Name gender feminine
Type
Archiacia sandalina L. Agassiz, in Agassiz & Desor, 1847, p. 159; by subsequent designation of d'Orbigny, 1856, p. 284.
Species Included
  • A. acuta Gauthier, in Thomas & Gauthier, 1889; Cenomanian, Tunisia.
  • A. sandalina L. Agassiz, in Agassiz & Desor, 1847; Cenomanian, Tunisia, Algeria.
  • A. palmata Gauthier, in Thomas & Gauthier, 1889; Cenomanian, Tunisia.
Classification and/or Status
Irregularia; stem group Neognathostomata; Archiaciidae.
Remarks

Archiacia is very similar to Claviaster, both genera having inflated tests, with a high, drawn-out cylindrical prominence overhanging the anterior margin, double pored phyllodes and a non-petaloid ambulacrum III. These genera differ in that ambulacrum III of Archiacia has a double series of double pores, while ambulacrum III in Claviaster has a single series of double pores.

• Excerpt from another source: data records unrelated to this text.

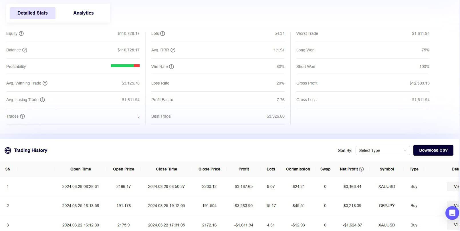Comparing FTMO vs FundedNext, FundedNext gives a more-in-depth analytics but with a less modern an UX friendly approach. The dashboard also shows the best metrics you need to know and track as a prop trader.
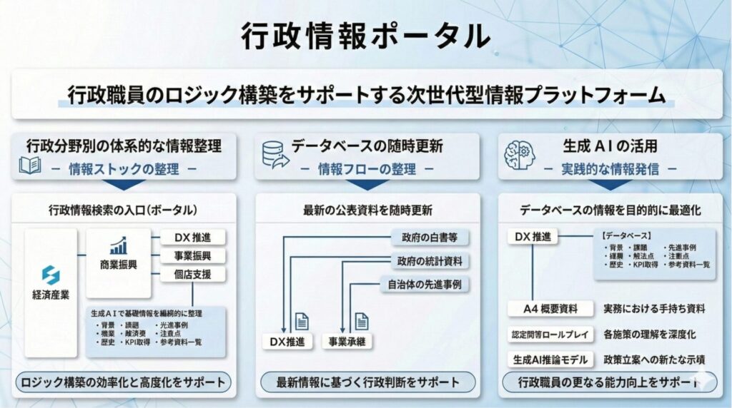 - 多忙な行政職員のロジック構築をサポートし、行政職員が人間でしか担えない領域に集中できる社会を目指します。
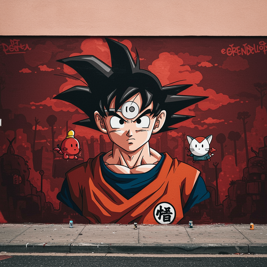 Imagine a vibrant mural featuring a portrait of Dr. Goku, rendered in the style of a street art aesthetic, combining cute cartoonish designs with advanced photo-realistic techniques. The piece is dominated by a dark red color scheme, capturing the nostalgia of childhood arcadias. The composition embraces an anime aesthetic with cartoon-like figures, achieving an unexpected blend of whimsy and realism. This artwork captures the essence of youthful adventure and the dynamic energy of Dragon Ball with a contemporary twist.
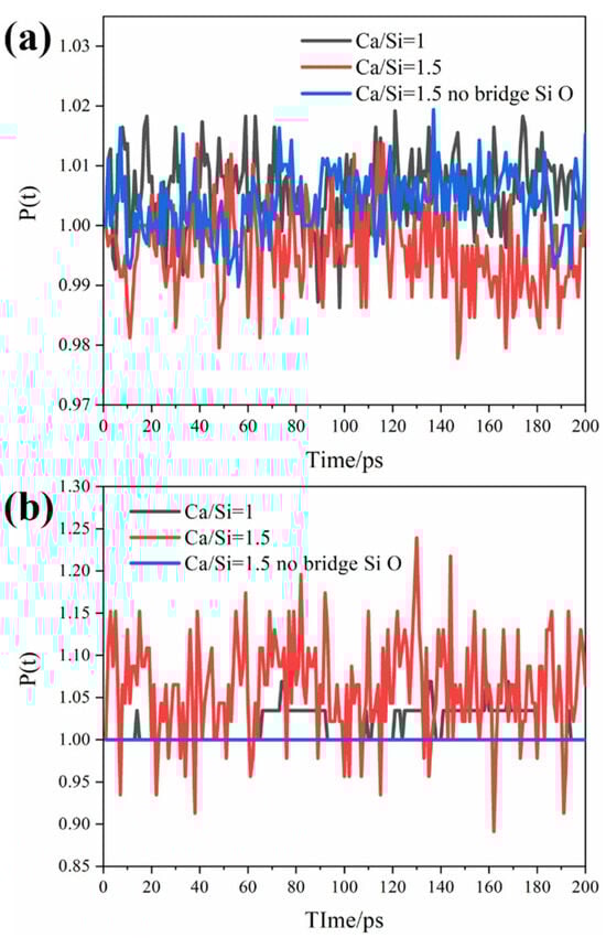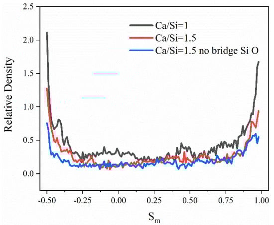 where represents the angle between the two directions of the water dipole. A Sm value close to 1 indicates high water ordering, while a value close to −0.5 suggests low ordering and a disordered state. As depicted in Figure 5, the system with a Ca/Si ratio of 1 exhibits the highest degree of water ordering, implying greater water involvement in its adsorption, followed by the system with a Ca/Si ratio of 1.5. Conversely, the system with a Ca/Si ratio of 1.5 (no bridging silica–oxygen) displays the lowest degree of ordering. This discrepancy arises from the tendency of water to adsorb onto the oxygen of the silicon chain on the CSH surface, forming stronger hydrogen bonding interactions compared to Ca ions. Furthermore, oxygen at the bridging position is closer to the surface and facilitates water adsorption more readily. Consequently, differences in the bridging position of silicon–oxygen among the three systems result in varying degrees of water ordering.

Szorenyi (1955, text-fig. 26) shows single pores in ambulacrum III of Archiacia hungarica. Kier (1962, p. 154) reports that all the specimens of Archiacia he has seen have the pores paired, and suspects that Szorenyi\'s drawings are not accurate.

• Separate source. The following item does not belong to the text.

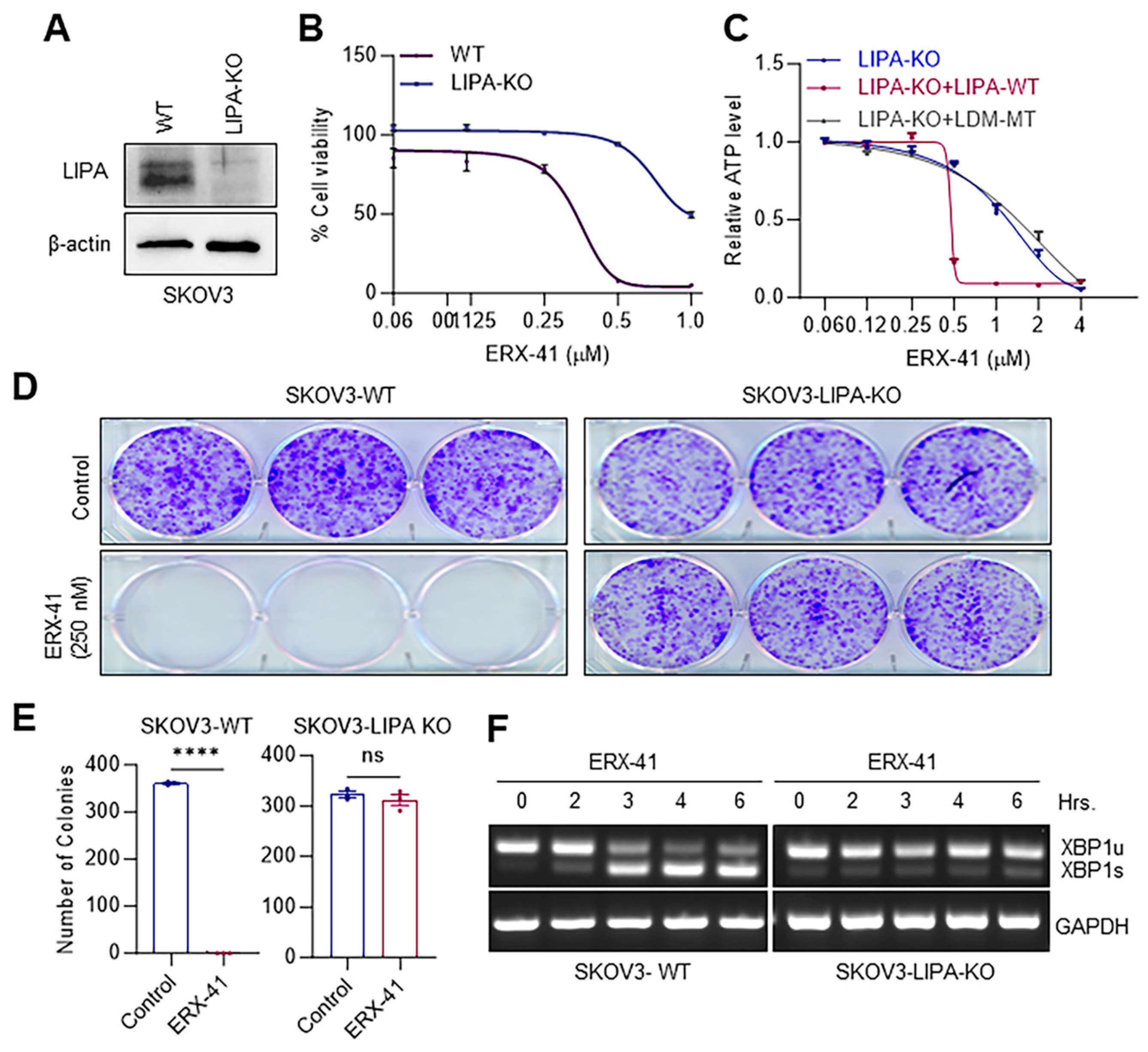 3.4. ERX-41-Mediated Effects Require LIPA in OCa Cells

Agassiz, L. & Desor, E. 1846-1847. Catalogue raisonné des familles, des genres, et des espèces de la classe des échinodermes. Annales des Sciences Naturelles, Troisième Série, Zoologie: 6 (1846), 305-374, pls 15-16; 7 (1847), 129-168; 8 (1847), 5-35, 355-380.

P. M. Kier. 1962. Revision of the cassiduloid echinoids. Smithsonian Miscellaneous Collections, 144 (3) 262 pp.

E. Szorenyi. 1955. Echinides Cretaces de la Bakony. Geologica Hungarica, series Palaeontologica, 26, 268 pp., 22 pls.